Demand Side Platform
What is The Demand Side Platform?
Demand Side Platform – A company that allows advertisers to connect to web publishers. A Demand Side Platform can allow advertisers to manage the bids they make in real-time via an advertising exchange. A demand-side platform is software used by advertisers to buy mobile, search, and video ads from a marketplace on which publishers list advertising inventory. These platforms allow for the management of advertising across many real-time bidding networks, as opposed to just one, like Google Ads. Together with supply-side platforms, DSPs enable programmatic advertising.
What is programmatic advertising?
Programmatic advertising is the process of buying and selling ads with software and publishing those ads contextually based on complex algorithms. Most online advertising now is done programmatically through real-time bidding and direct deals.
- Real-time bidding: advertising like this takes place in real-time. You specify who you want to reach with your ads, how much you are willing to spend, then, a bidding war takes place between you and all the other advertisers trying to reach the same audience. A prospect lands on a page, and before the page loads fully, algorithms determine which ad to display to them. These algorithms take things like browsing history, time of day, IP address into account. Whoever has bid highest for the impression when all is collected wins the placement.
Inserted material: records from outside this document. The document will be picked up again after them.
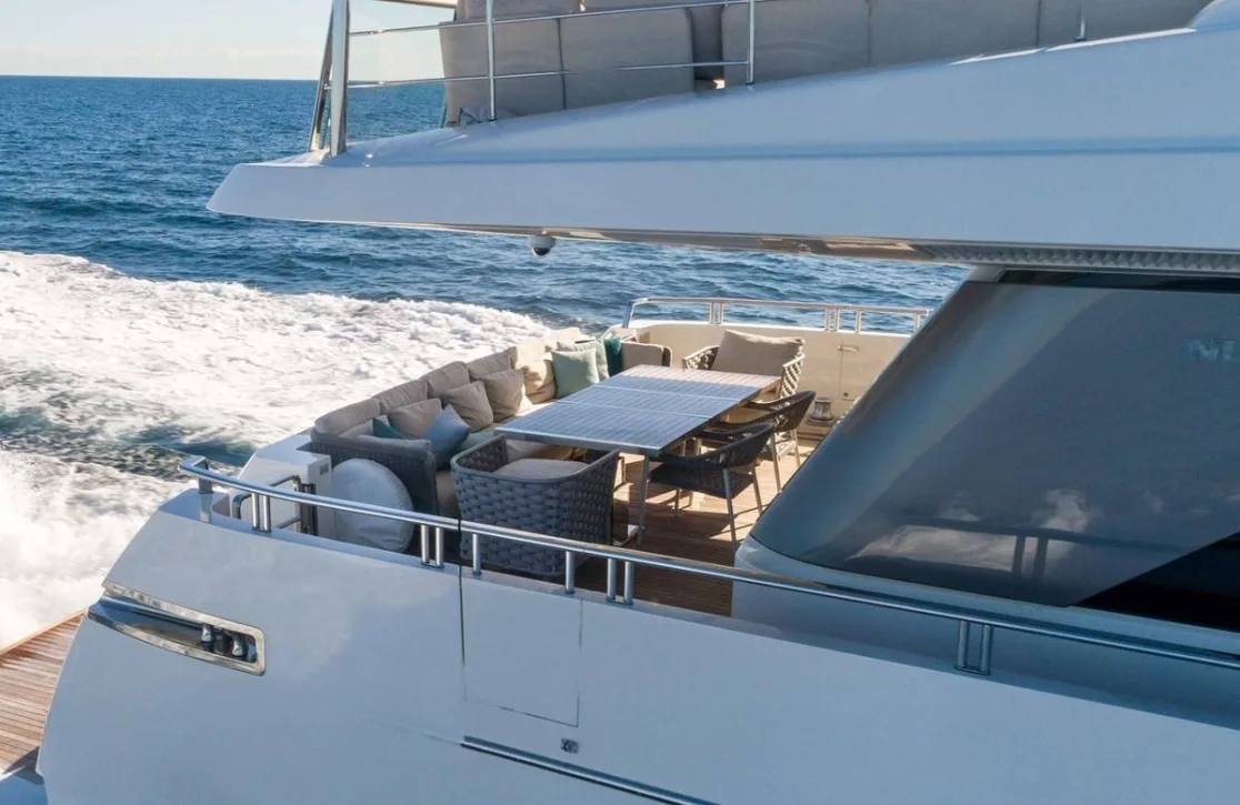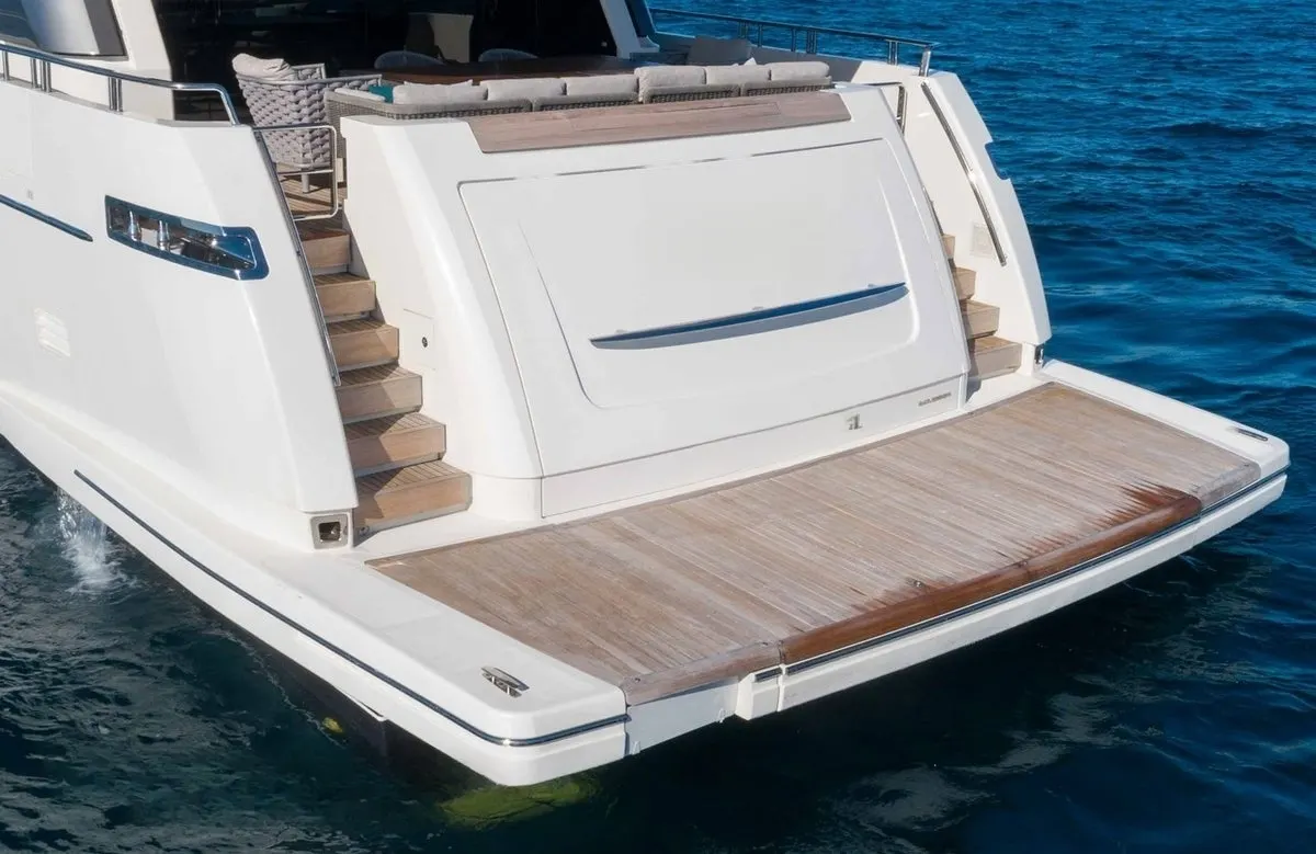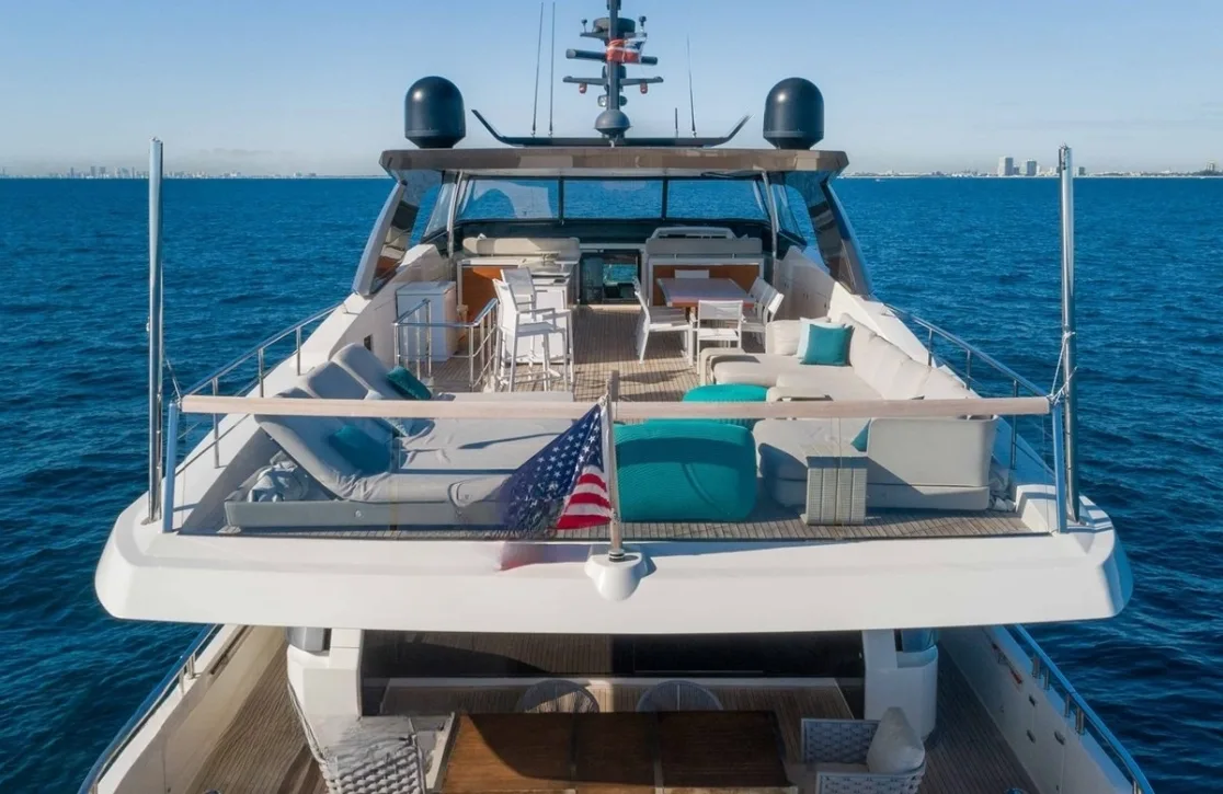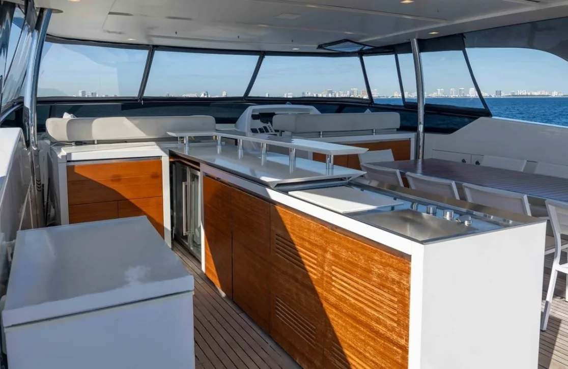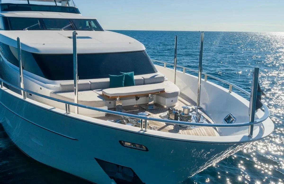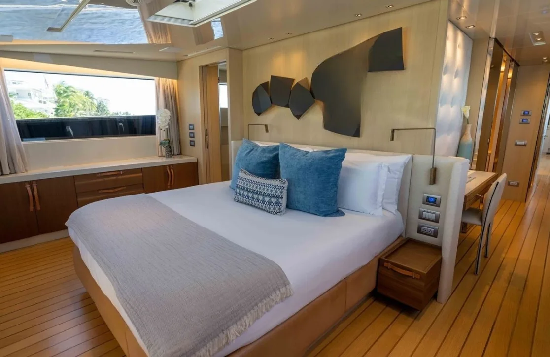 Life aboard Notorious is a harmonious blend of comfort and sophistication. Picture yourself indulging in the gentle sea breeze while lounging on the sun deck, or enjoying a refreshing cocktail crafted at the exterior bar. Whether it’s savoring the serene ambiance with underwater lights illuminating the sea below or taking advantage of the hydraulic swim platform for spontaneous dips into the ocean, every moment is curated for your enjoyment. With state-of-the-art Wi-Fi and climate-controlled air conditioning throughout, this vessel ensures that all modern conveniences enhance the timeless pleasure of being at sea.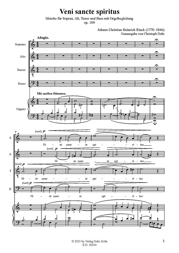 Zum WerkRincks Motette op. 109 existiert in einer originalen, deutsch textierten Fassung als "Gott, sey uns gnädig" (E.D. 24177) und mit einer lateinischen Textierung als "Veni sancte spiritus" (die vorliegende Ausgabe). Die Substanz ist in beiden Fassungen gleich, in der Rhythmisierung und im melodischen Verlauf gibt es jedoch zahlreiche Änderungen. |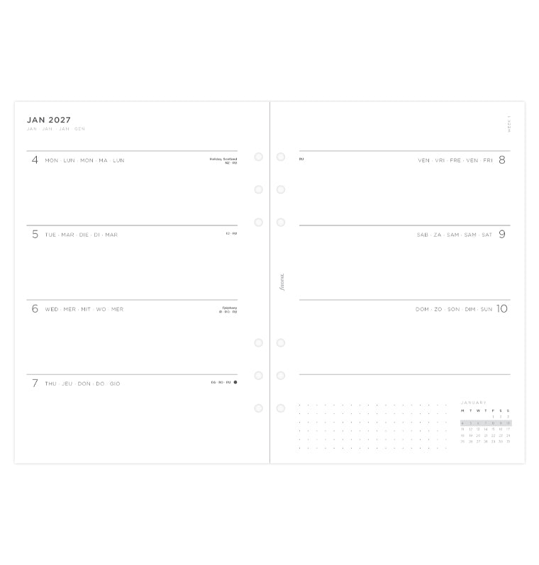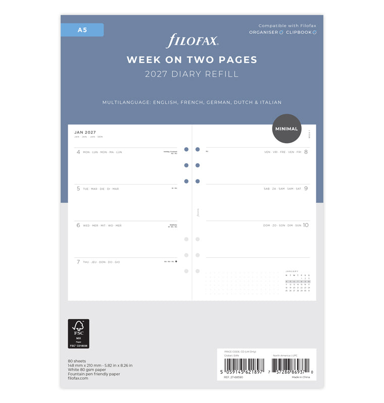 Minimal Week On Two Pages Diary - A5 2027 Multilanguage

- Programmatic direct: this kind of advertising is more like the traditional model moved to the internet. It is ideal for businesses that want guaranteed ad placements in premium locations. Homepages of big-name publishers, for example, will often sell their ad space via programmatic direct deals. The publisher provides the advertiser with details about its visitors. If those visitors are the advertiser’s ideal audience, then the advertiser can choose to reserve a ortion of publishing space for an upcoming campaign.
According to eMarketer, programmatic advertising has been steadily growing in popularity. By 2019, it is expected that 83.6% of display advertising will be bought and sold programmatically:
Programmatic is not just display advertising, though. It refers to ad sales on search networks too, and any other network bought with software. However, when you buy ads through these networks (like Google Ads for example) individually, you are not necessarily using a demand-side platform.
Why use a demand-side platform?
Using a demand-side platform has its advantages and disadvantages. It is good to know a few before you invest heavily in a software.
Pros of using a DSP.
Efficiency: If you are managing campaigns across many networks, a DSP makes sense to use. This way, everything is adjustable from one dashboard.
Data: Many DSPs partner with third-party data providers to offer advertisers as much information as possible. Often, it is more than a single network can provide. Additionally, many DSPs allow customers to import their own data from a CRM or a DMP (data management platform).
Support: Demand-side platforms will often provide support beyond the traditional helpdesk-style customer support of a single network.
High-quality inventory: DSPs will have access to the major networks and then some. If you are after more premium inventory, a demand-side platform may be what you are looking for. Some may have more access than others, though, so it is important to find out before you pick one.
Cons of using a DSP.
Complexity:Whenever you aggregate data, you run the risk of overcomplicating things. Some advertisers may find demand-side platforms too complex to learn quickly enough to see a benefit.